→ Exercise details
When the line containing "Вы можете создать" is found in the data below, copy it and each line after it through the line containing "I remember the", exactly and with no others.

━━ Input for this task

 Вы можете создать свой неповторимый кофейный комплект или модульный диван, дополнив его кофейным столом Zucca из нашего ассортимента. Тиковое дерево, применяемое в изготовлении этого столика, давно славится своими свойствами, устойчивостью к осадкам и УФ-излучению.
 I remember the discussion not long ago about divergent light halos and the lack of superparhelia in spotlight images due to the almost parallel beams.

━━━━
━━ Input for this task

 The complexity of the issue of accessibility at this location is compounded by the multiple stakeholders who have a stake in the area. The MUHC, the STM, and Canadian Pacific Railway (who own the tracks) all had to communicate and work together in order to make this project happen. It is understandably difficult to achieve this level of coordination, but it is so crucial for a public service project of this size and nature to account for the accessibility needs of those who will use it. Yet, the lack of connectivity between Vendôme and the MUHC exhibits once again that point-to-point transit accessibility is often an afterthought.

━━━━
━━ Input for this task

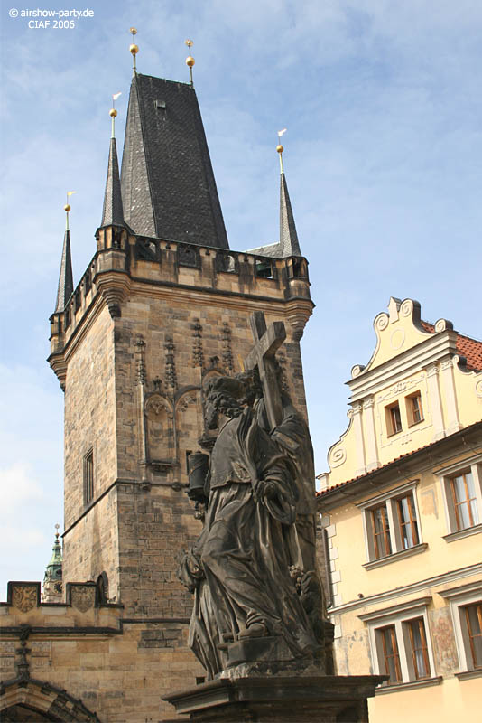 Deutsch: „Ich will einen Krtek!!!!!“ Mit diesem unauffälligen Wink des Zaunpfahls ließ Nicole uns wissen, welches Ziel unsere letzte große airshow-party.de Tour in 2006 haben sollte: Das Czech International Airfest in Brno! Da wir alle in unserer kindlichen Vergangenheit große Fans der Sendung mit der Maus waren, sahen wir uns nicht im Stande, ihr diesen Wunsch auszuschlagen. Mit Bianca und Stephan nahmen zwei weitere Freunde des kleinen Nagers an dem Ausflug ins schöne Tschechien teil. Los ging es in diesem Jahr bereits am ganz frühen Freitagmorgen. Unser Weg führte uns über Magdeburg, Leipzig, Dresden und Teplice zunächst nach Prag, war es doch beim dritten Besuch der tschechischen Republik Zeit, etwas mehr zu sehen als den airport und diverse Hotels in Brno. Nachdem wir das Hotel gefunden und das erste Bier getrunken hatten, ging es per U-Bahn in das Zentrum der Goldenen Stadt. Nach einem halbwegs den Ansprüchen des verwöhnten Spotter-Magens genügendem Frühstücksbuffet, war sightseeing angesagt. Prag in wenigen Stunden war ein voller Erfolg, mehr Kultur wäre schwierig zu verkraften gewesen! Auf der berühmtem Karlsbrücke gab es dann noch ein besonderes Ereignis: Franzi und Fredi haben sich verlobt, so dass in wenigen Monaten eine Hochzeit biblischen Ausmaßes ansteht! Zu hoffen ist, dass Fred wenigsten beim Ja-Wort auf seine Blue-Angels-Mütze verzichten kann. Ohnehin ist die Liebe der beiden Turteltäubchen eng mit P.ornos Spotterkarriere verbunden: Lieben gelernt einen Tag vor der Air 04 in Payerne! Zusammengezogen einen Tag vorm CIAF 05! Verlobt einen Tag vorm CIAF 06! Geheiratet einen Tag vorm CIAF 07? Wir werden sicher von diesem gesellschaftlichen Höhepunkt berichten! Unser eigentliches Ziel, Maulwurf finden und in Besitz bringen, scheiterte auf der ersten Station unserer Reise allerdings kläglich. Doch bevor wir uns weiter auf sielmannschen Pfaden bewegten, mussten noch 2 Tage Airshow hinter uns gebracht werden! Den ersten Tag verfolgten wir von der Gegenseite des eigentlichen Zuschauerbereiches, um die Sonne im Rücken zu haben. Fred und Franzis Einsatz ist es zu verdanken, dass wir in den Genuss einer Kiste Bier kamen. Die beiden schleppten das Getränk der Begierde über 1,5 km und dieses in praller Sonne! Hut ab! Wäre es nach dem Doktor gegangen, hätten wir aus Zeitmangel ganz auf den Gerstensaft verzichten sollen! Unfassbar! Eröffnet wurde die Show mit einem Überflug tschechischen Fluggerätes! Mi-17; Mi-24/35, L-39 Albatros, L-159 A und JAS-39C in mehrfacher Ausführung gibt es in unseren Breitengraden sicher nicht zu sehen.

━━━━

→ Task output
 Вы можете создать свой неповторимый кофейный комплект или модульный диван, дополнив его кофейным столом Zucca из нашего ассортимента. Тиковое дерево, применяемое в изготовлении этого столика, давно славится своими свойствами, устойчивостью к осадкам и УФ-излучению.
 I remember the discussion not long ago about divergent light halos and the lack of superparhelia in spotlight images due to the almost parallel beams.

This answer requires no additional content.